Return all entries verbatim; skip any pictures.
· · ·
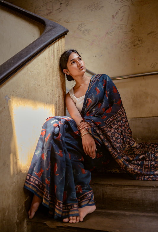 Natural dyed Bagru saree - Roheda- Mughal Syahi Begar
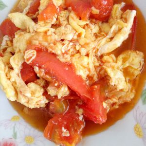 锅里加油烧到8分热,加入打散的鸡蛋,快速翻炒。成型后关火,倒入盘子。
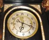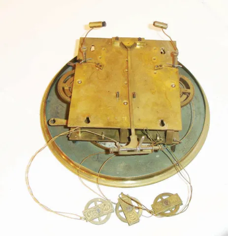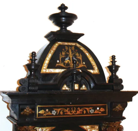 there are some scrapes on the ebonizing, and some corner wear commensurate with the age of this item. Well made movement is complete and sound, and still with strike shut off intact. Pulleys match. Art Nouveau decorations applied to dial center, pendulum and weights, not an exact match, but of the same style. Impressive, and all of the inlay is intact. Note the case will need a new rear hanger for safety.. Ht: 57"
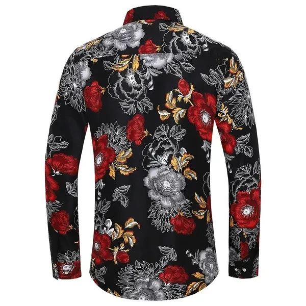 MEN`S Flower Shirt/Floral Shirt Long-sleeve Button Up Shirt Fashion Male Casual Blouse (M-7XL)
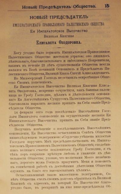 Ея Императорское Высочество Великая Княгиня Елисавета Феодоровна, искренне сочувствуя, как бывшая паломница ко Гробу Господню, целям и деятельности основанного Ея Августейшим Супругом Палестинского Общества, благоволила выразить желание принять на Себя звание Председателя Общества.
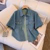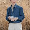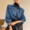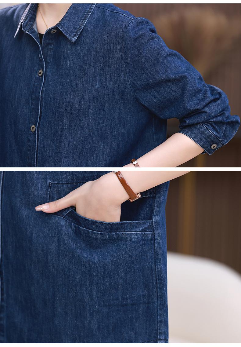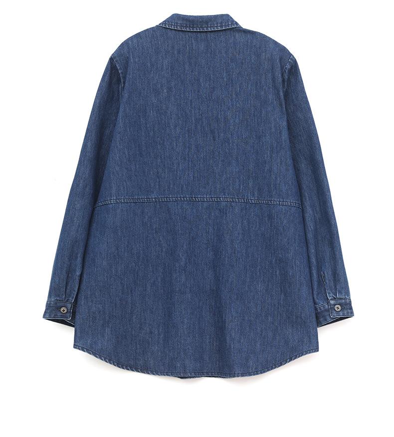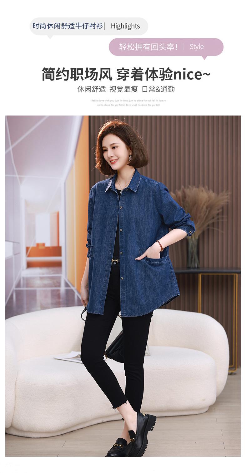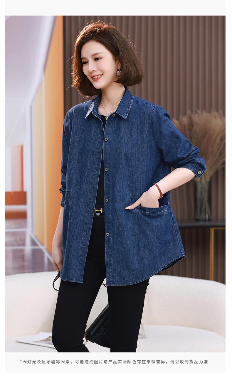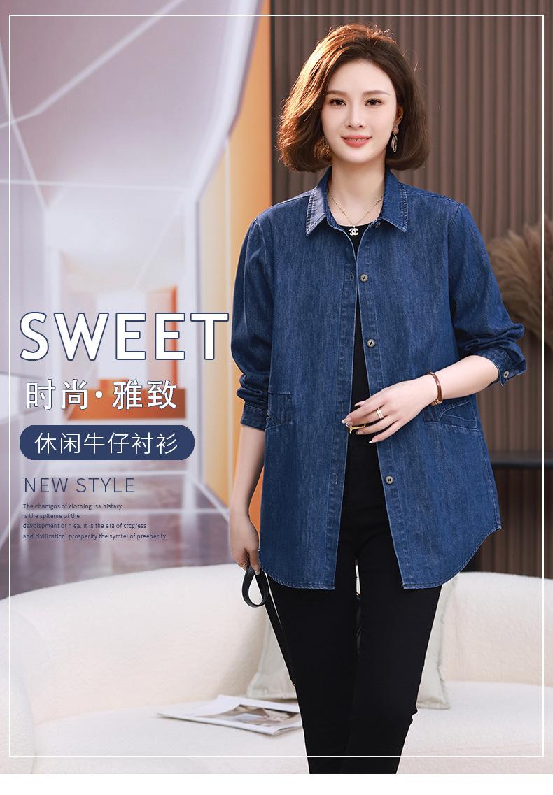 Camisa jeans feminina primavera e outono 2024, novo design, senso de nicho, camisa solta de algodão casual para mãe de meia-idade
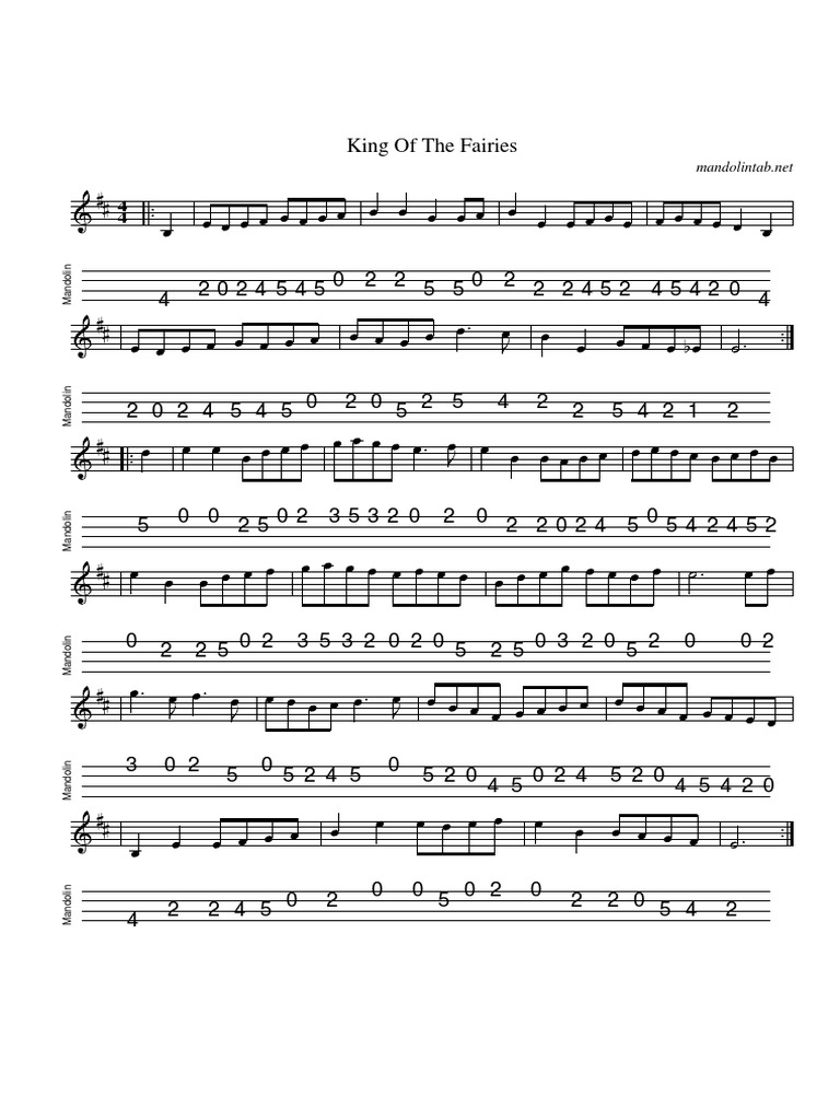 Irish Music Tune: King Of The Fairies with Mandolin Tab Sheetmusic
· · ·
Solution
 Natural dyed Bagru saree - Roheda- Mughal Syahi Begar
 锅里加油烧到8分热,加入打散的鸡蛋,快速翻炒。成型后关火,倒入盘子。
 there are some scrapes on the ebonizing, and some corner wear commensurate with the age of this item. Well made movement is complete and sound, and still with strike shut off intact. Pulleys match. Art Nouveau decorations applied to dial center, pendulum and weights, not an exact match, but of the same style. Impressive, and all of the inlay is intact. Note the case will need a new rear hanger for safety.. Ht: 57"
 MEN`S Flower Shirt/Floral Shirt Long-sleeve Button Up Shirt Fashion Male Casual Blouse (M-7XL)
 Ея Императорское Высочество Великая Княгиня Елисавета Феодоровна, искренне сочувствуя, как бывшая паломница ко Гробу Господню, целям и деятельности основанного Ея Августейшим Супругом Палестинского Общества, благоволила выразить желание принять на Себя звание Председателя Общества.
 Camisa jeans feminina primavera e outono 2024, novo design, senso de nicho, camisa solta de algodão casual para mãe de meia-idade
 Irish Music Tune: King Of The Fairies with Mandolin Tab Sheetmusic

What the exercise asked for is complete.